Exercise objective
Beginning at the line that contains "Virágos jó kedvvel" and finishing at the line that contains "SmarterNoise is a", output the data below exactly. Include both end lines and no pictures.

Data supplied

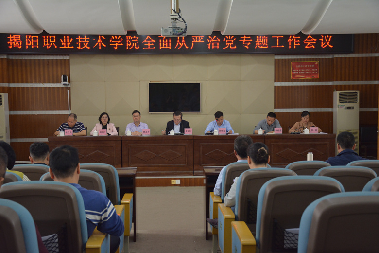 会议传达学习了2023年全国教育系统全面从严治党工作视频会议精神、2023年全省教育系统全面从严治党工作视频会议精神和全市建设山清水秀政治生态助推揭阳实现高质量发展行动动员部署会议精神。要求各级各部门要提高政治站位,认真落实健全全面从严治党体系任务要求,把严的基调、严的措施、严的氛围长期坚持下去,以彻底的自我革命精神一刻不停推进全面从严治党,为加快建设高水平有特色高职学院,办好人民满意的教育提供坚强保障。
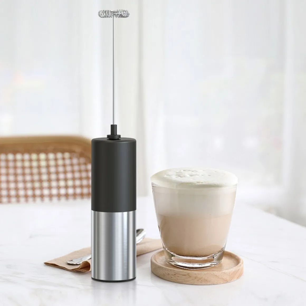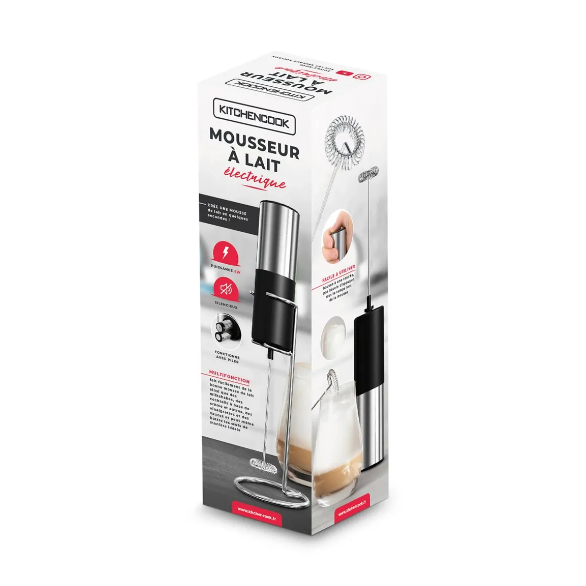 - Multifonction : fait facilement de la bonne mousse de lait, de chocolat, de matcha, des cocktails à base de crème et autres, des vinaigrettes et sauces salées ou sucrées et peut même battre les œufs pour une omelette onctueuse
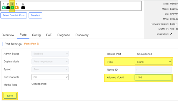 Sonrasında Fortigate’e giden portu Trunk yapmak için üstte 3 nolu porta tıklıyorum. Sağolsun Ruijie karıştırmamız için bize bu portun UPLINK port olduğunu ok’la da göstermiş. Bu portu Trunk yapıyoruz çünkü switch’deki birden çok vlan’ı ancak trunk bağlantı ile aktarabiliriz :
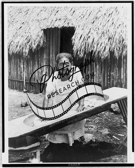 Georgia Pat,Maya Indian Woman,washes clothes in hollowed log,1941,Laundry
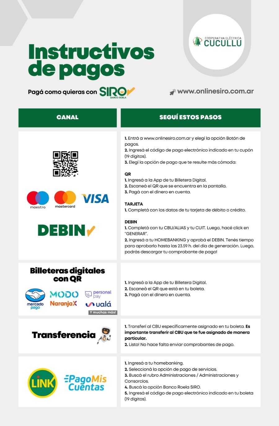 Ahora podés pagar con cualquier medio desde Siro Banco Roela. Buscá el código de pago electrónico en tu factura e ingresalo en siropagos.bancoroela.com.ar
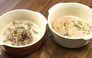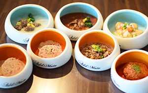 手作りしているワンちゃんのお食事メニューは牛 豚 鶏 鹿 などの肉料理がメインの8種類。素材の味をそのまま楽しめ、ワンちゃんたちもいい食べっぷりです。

==

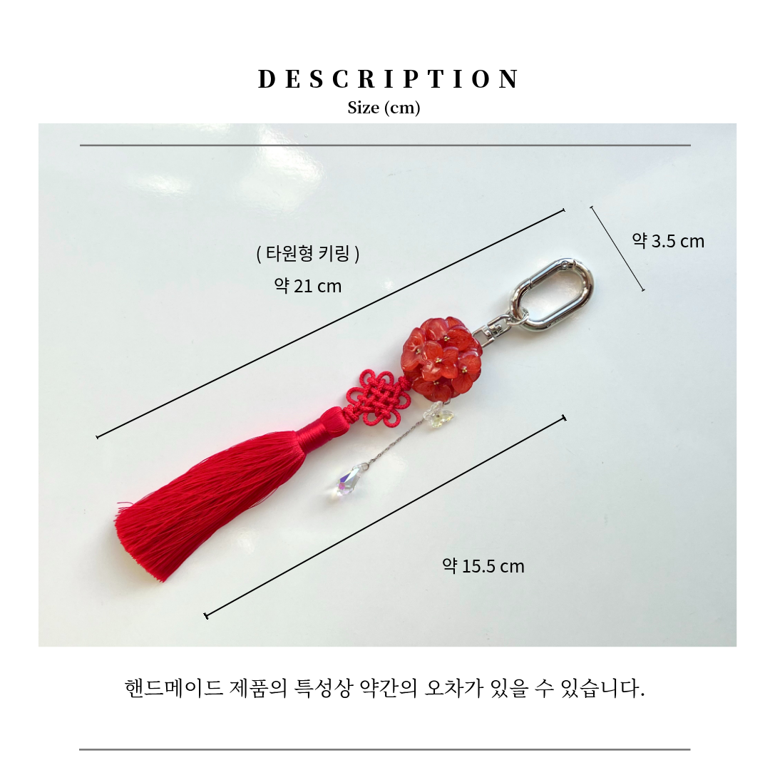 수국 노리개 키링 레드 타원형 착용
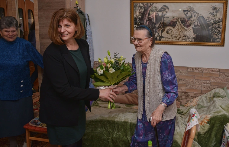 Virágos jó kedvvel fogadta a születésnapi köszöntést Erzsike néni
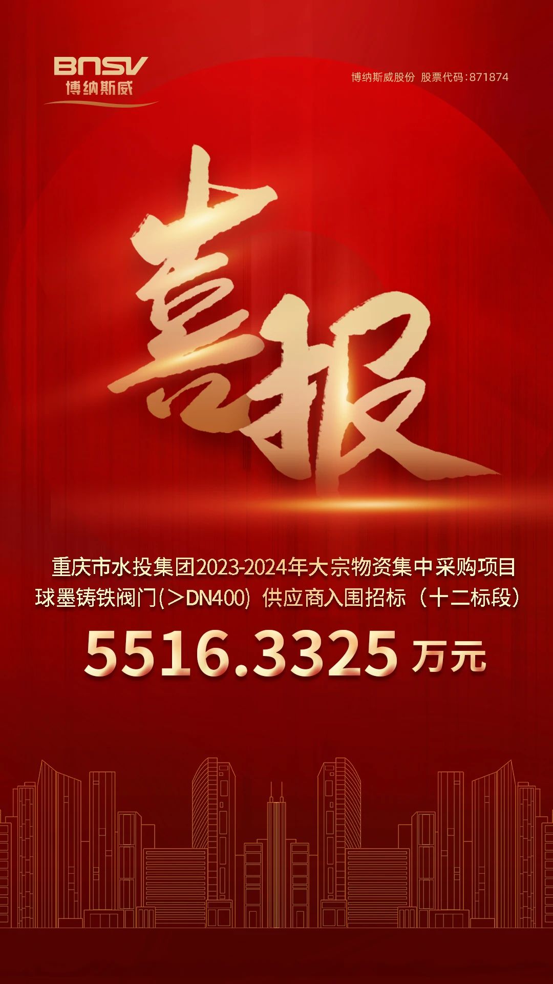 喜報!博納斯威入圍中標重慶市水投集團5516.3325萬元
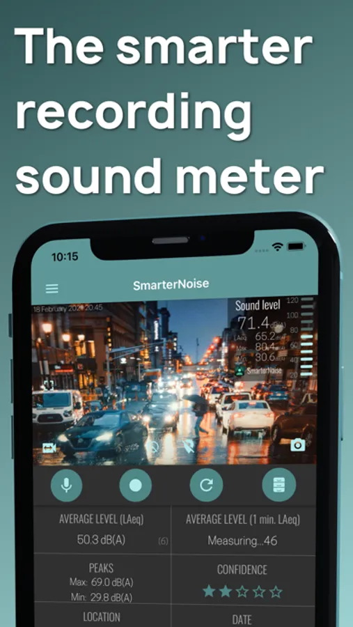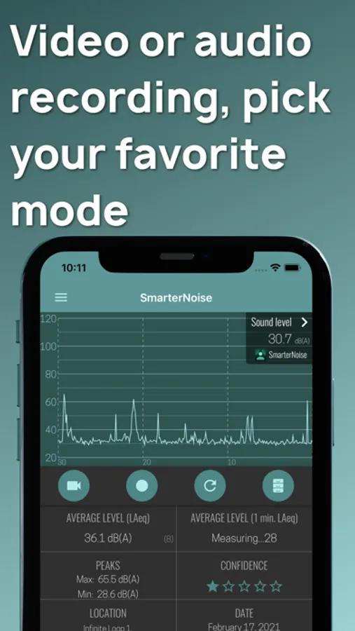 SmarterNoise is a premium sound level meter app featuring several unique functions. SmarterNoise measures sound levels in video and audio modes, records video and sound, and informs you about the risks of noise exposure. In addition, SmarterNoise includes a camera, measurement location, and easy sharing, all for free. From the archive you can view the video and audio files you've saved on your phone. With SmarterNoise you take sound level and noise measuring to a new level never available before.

Exercise result
 Virágos jó kedvvel fogadta a születésnapi köszöntést Erzsike néni
 喜報!博納斯威入圍中標重慶市水投集團5516.3325萬元
 SmarterNoise is a premium sound level meter app featuring several unique functions. SmarterNoise measures sound levels in video and audio modes, records video and sound, and informs you about the risks of noise exposure. In addition, SmarterNoise includes a camera, measurement location, and easy sharing, all for free. From the archive you can view the video and audio files you've saved on your phone. With SmarterNoise you take sound level and noise measuring to a new level never available before.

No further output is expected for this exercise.